▸ The input

= = = = = = =

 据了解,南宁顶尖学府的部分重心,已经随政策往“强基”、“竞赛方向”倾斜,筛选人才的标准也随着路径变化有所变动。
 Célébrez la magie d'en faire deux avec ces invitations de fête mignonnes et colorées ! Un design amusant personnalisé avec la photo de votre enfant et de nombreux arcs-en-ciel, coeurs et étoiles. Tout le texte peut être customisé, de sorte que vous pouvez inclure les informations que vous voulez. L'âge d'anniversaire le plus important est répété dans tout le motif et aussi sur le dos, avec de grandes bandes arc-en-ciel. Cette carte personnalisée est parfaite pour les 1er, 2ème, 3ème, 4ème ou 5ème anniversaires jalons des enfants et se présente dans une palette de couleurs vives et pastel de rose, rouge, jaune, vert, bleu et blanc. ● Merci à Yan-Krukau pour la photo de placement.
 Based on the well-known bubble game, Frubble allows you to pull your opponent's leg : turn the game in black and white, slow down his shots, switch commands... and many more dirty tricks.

= = = = = = =

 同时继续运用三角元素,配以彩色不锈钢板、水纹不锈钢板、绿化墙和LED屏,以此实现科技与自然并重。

= = = = = = =

▸ Exercise instructions
Set down, from the entries above, exactly the lines from the one with "据了解,南宁顶尖学府的部分重" up to and including the one with "Based on the", and no other lines.

▸ Solution for this problem
 据了解,南宁顶尖学府的部分重心,已经随政策往“强基”、“竞赛方向”倾斜,筛选人才的标准也随着路径变化有所变动。
 Célébrez la magie d'en faire deux avec ces invitations de fête mignonnes et colorées ! Un design amusant personnalisé avec la photo de votre enfant et de nombreux arcs-en-ciel, coeurs et étoiles. Tout le texte peut être customisé, de sorte que vous pouvez inclure les informations que vous voulez. L'âge d'anniversaire le plus important est répété dans tout le motif et aussi sur le dos, avec de grandes bandes arc-en-ciel. Cette carte personnalisée est parfaite pour les 1er, 2ème, 3ème, 4ème ou 5ème anniversaires jalons des enfants et se présente dans une palette de couleurs vives et pastel de rose, rouge, jaune, vert, bleu et blanc. ● Merci à Yan-Krukau pour la photo de placement.
 Based on the well-known bubble game, Frubble allows you to pull your opponent's leg : turn the game in black and white, slow down his shots, switch commands... and many more dirty tricks.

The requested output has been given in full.